Returning to \( \int \sec^4(\theta) \, d\theta = \int (1 + \tan^2(\theta)) \sec^2(\theta) \, d\theta \), this can be split into \( \int \sec^2(\theta) \, d\theta + \int \tan^2(\theta)\sec^2(\theta) \, d\theta \), where the second integral \( \int \tan^2(\theta)\sec^2(\theta) \, d\theta \) can be further simplified since \( u = \tan(\theta) \), so \( du = \sec^2(\theta) \, d\theta \), and \( \int \tan^2(\theta)\sec^2(\theta) \, d\theta = \int u^2 \, du = \frac{u^3}{3} + C \).

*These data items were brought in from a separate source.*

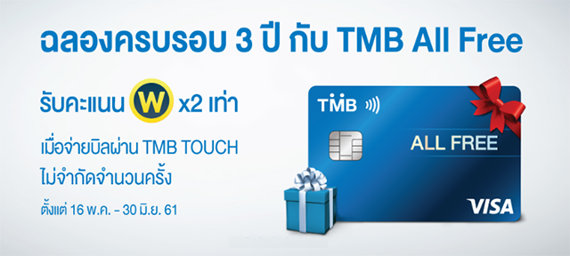 ฉลองครบรอบ 3 ปี กับ TMB All Free รับคะแนน TMB WOW 2 เท่า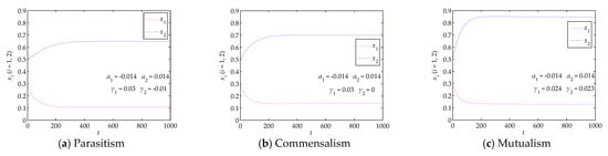 When Equation (2) satisfies α1 = −0.014, α2 = 0.014, β1 = 0.05, β2 = 0.02, γ1 > 0.02, γ2 < 0.05, and γ1γ2 < 0.001, the condition that E4 is the only stable point holds, and the green innovation stabilizes at under the symbiotic interactions of parasitism, commensalism, and mutualism, as shown in Figure 5. Under such conditions, the two dimensions of green innovation grow reversely and always hold a certain level, implying that SMMEs carry out green product innovation and green process innovation simultaneously with obvious differences. When the green innovation stabilizes at E4 with α1 > 0 and α2 < 0, similar evolutions are presented under the three kinds of symbiotic interactions. As a result, this paper did not present the corresponding numerical simulations. In terms of integrality and comprehensiveness, green innovation stabilizing at E4 is superior to green innovation stabilizing at other equilibrium points (i.e., E1, E2, and E3).
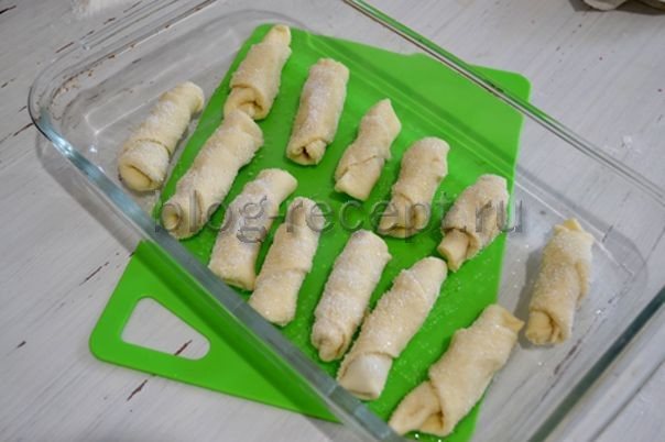 - Далее сворачиваются рогалики, подгибая края немного внутрь. В этом случае разогревшееся повидло не будет вытекать. Уголки готовых рогаликов сворачиваются чуть друг к другу, полумесяцем.

For \( \int \tan^2(\theta)\sec^2(\theta) \, d\theta \), we revert back to \( u = \tan(\theta) \), meaning we end with \( \frac{u^3}{3} + C = \frac{\tan^3(\theta)}{3} + C \). Our complete integral becomes \( \tan(\theta) + \frac{\tan^3(\theta)}{3} + C \). Returning to original variables, since \( t = \sec(\theta) \) and \( x = 1/t \), \( \tan(\theta) = \sqrt{t^2 - 1} \), then \( \tan(\theta) = \sqrt{\frac{1}{x^2} - 1} = \frac{\sqrt{1-x^2}}{x} \). Thus, the integral evaluates to \( \frac{\sqrt{1-x^2}}{x} + \frac{1}{3}\left( \frac{\sqrt{1-x^2}}{x} \right)^3 + C \).